Epcoritamab was administered in 4-week cycles until disease progression or intolerable toxicity. In the phase 1b, dose-escalation portion of the trial, patients received 24 mg of epcoritamab followed by 48 mg. The phase 2 expansion portion of the research is comprised of 2 arms who are receiving the agent at the recommended phase 2 dose of 48 mg. Cohort 1 of these patients had relapsed/refractory CLL.
The primary objective of the phase 1b of the trial was safety and tolerability in terms of DLTs, and a key secondary objective was antitumor activity. The primary objective for the phase 2 portion of the trial was antitumor activity.
At a data cutoff of October 1, 2021, 11 patients were enrolled to the trial. The median age of study participants was 63 years (range, 50-77) and the majority were male (91%). The median time from initial diagnosis was 157 months (range, 57-234). Fifty-five percent of patients had an ECOG status of 0, and 45% had a status of 1. Regarding disease stage, 27% were Rai high risk, 18% were Rai intermediate risk, 9% were Binet A, 9% were Binet B, and 36% were Binet C.

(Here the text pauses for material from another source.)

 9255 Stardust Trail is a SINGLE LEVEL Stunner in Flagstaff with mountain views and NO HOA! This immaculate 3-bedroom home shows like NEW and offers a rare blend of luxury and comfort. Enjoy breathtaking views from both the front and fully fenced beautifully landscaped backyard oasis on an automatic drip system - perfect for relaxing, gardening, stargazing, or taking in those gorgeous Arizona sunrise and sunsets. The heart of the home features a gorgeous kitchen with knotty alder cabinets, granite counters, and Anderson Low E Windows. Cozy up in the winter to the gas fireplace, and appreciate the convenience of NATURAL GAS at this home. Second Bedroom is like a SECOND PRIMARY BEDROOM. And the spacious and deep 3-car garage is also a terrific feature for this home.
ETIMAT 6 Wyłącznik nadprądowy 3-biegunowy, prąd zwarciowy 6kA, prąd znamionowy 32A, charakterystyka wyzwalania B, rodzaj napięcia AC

Patients received a median of 6 prior lines of therapy (range, 2-9) and all had previously been treated with a BTK inhibitor. Eighty-two percent of patients received prior ibrutinib (Imbruvica), 64% received prior venetoclax (Venclexta), and 18% received prior CAR T-cell therapy.

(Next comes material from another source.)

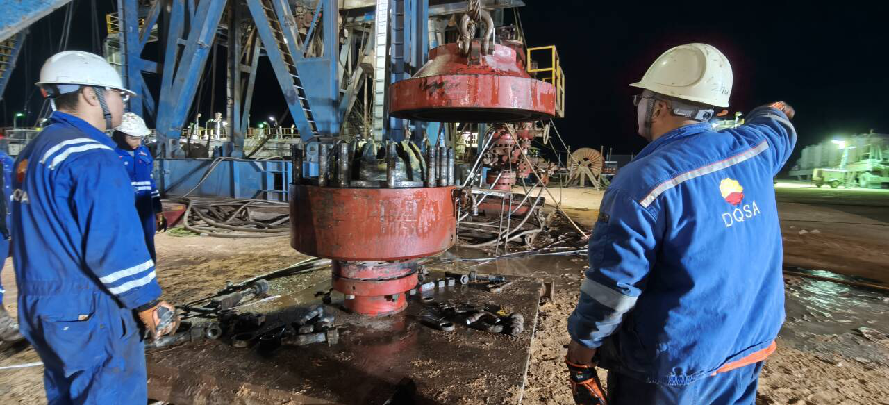 搬家推进过程中,设备检测、安全合规验收等多项工作并行开展,一线作业人员被分散;阿美公司的“工作许可须经老井签字确认并送达新井场后方可施工”的严苛要求,导致衔接环节存在不可控的延迟,进一步推迟了整体进度。更令人措手不及的是,开钻调试阶段井控设备试压环节突发环形防喷器漏油故障,从基地调运更换环形防喷器直接造成将近0.5天的工期损失,让本就吃紧的进度雪上加霜。DQ058队全体人员不等不靠、迎难而上,迅速优化作业方案、精准破解瓶颈。

Most patients (64%) harbored TP53 mutations, 18% had an IGHV mutation, 18% had an SF3B1 mutation, and 18% had a NOTCH1 mutation, and 9% had a BIRC3 mutation. Moreover, 45% had del (11q), 73% had del(13q), 64% had del(17p), and 27% had Trisomy 12.

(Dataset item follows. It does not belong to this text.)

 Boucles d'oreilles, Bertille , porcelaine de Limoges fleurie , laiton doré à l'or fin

With a median follow-up of 5.4 months (range, 0.3-8.9) among all patients, 36% (n = 4) remained on treatment. Sixty-four percent of patients discontinued treatment with the agent due to progressive disease (45%), death (9%), or another reason (9%). The median duration of treatment was 2.1 months (range, 0.03-6.9) and the median number of cycles initiated was 3 (range, 1-8).
Regarding safety, no DLTs were reported at either the 24-mg or the 48-mg dose. Any-grade TEAEs reported in 15% or more of patients included CRS (73%), fatigue (36%), injection-site reaction (36%), nausea (27%), abdominal pain (18%), alanine aminotransferase increase (ALT; 18%), constipation (18%), cough (18%), diarrhea (18%), dyspnea (18%), erythema (18%), hypotension (18%), hyponatremia (18%), hypophosphatemia (18%), peripheral edema (18%), and pyrexia (18%). Grade 3 TEAEs included nausea (9%), abdominal pain (9%), and ALT increase (9%).
The most common hematologic TEAEs were thrombocytopenia (grade 3, 9%; grade 4, 36%;, any grade 45%), anemia (grade 3, 27%; any grade, 27%), and neutropenia (grade 3, 9%; grade 4, 18%; any grade, 27%).
Of the 73% patients who experienced CRS, 18% had a grade 1 event and 55% had a grade 2 event. The median time to onset was 9 days (range, 2-23). CRS events occurred early in treatment and resolved. Twenty-seven percent of patients experienced CRS that required a dose delay. However, no patients discontinued epcoritamab because of this toxicity. Notably, no cases of ICANS or tumor lysis syndrome were observed with the agent.
Further clinical investigation of epcoritamab in CLL and Richter syndrome is ongoing.